*** Opening PROVIDED INFORMATION ***
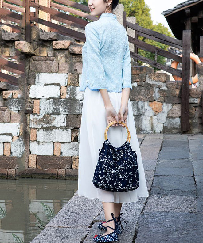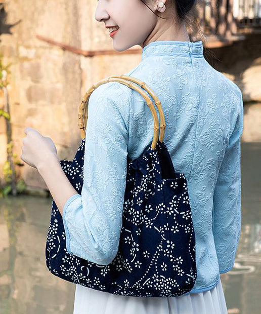Vintage Navy Print Chinese Style Cotton Tote Handbag Satchel Bag Handbag
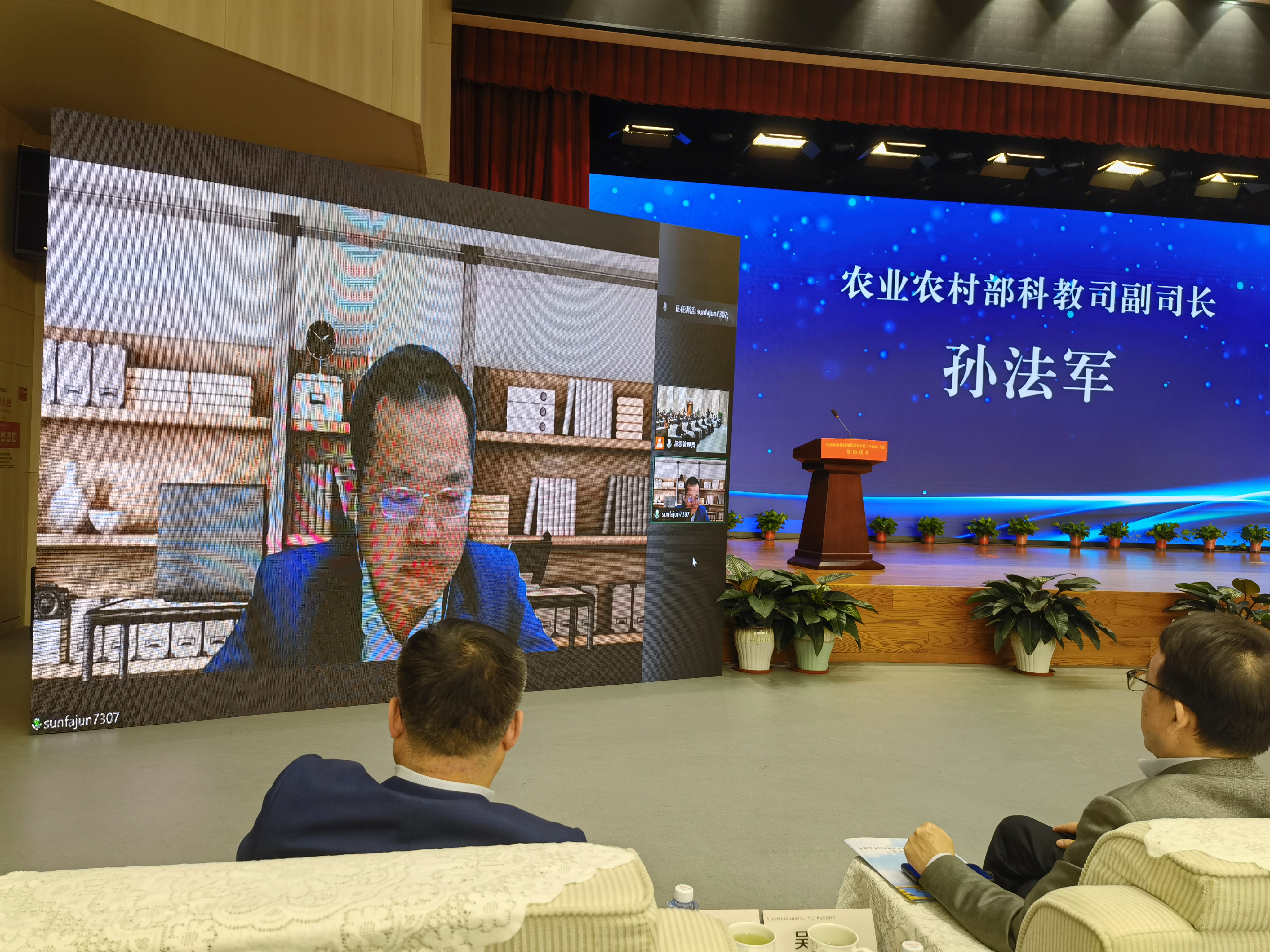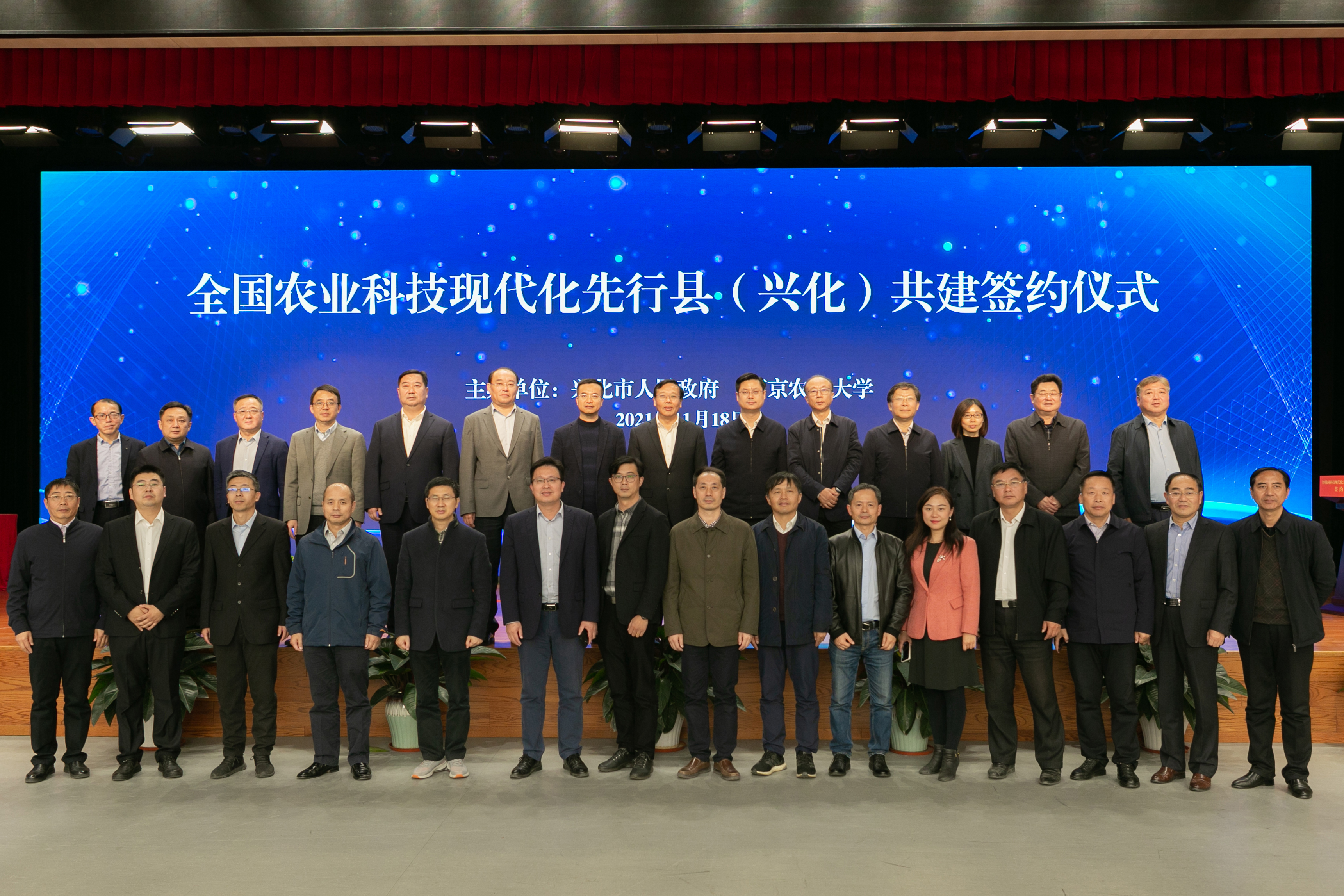 11月18日,ios版雷竞技官网与兴化市人民政府共建全国农业科技现代化先行县签约仪式在兴化召开。农业农村部科技教育司副司长孙法军连线出席仪式并讲话,江苏省农业农村厅总农艺师唐明珍、科教处处长姜雪忠,ios版雷竞技官网校长陈发棣,党委常委、副校长丁艳锋,党委常委、组织部部长吴群,泰州市农业农村局局长蒋向荣,兴化市委副书记、市长殷俊、副书记徐立华、副市长孙玲玲等领导出席签约仪式。签约仪式由徐立华主持。
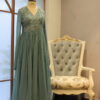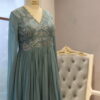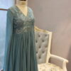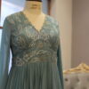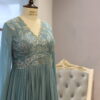 This azure blue long gown features intricate silver or white floral embroidery on the bodice. It has a deep V-neckline with sheer full-length sleeves for an elegant touch. The flowy pleated fabric creates a graceful silhouette, perfect for special occasions.
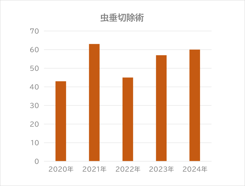 | 虫垂(虫垂炎) | 虫垂切除術(盲腸部分切除術含) | 45 | 45 | 0 |
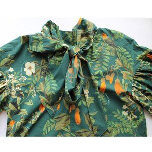 Cara Cara Diane Blouse / Medium / Botanical Birds Emerald Green Bow Balloon
*** Closing PROVIDED INFORMATION ***
**REQUIREMENT**
Precisely the lines from the one containing "45 | 45 | 0 |" to the end of the data above, both included, should be printed; leave the pictures out.

**WRITTEN SOLUTION**
 | 虫垂(虫垂炎) | 虫垂切除術(盲腸部分切除術含) | 45 | 45 | 0 |
 Cara Cara Diane Blouse / Medium / Botanical Birds Emerald Green Bow Balloon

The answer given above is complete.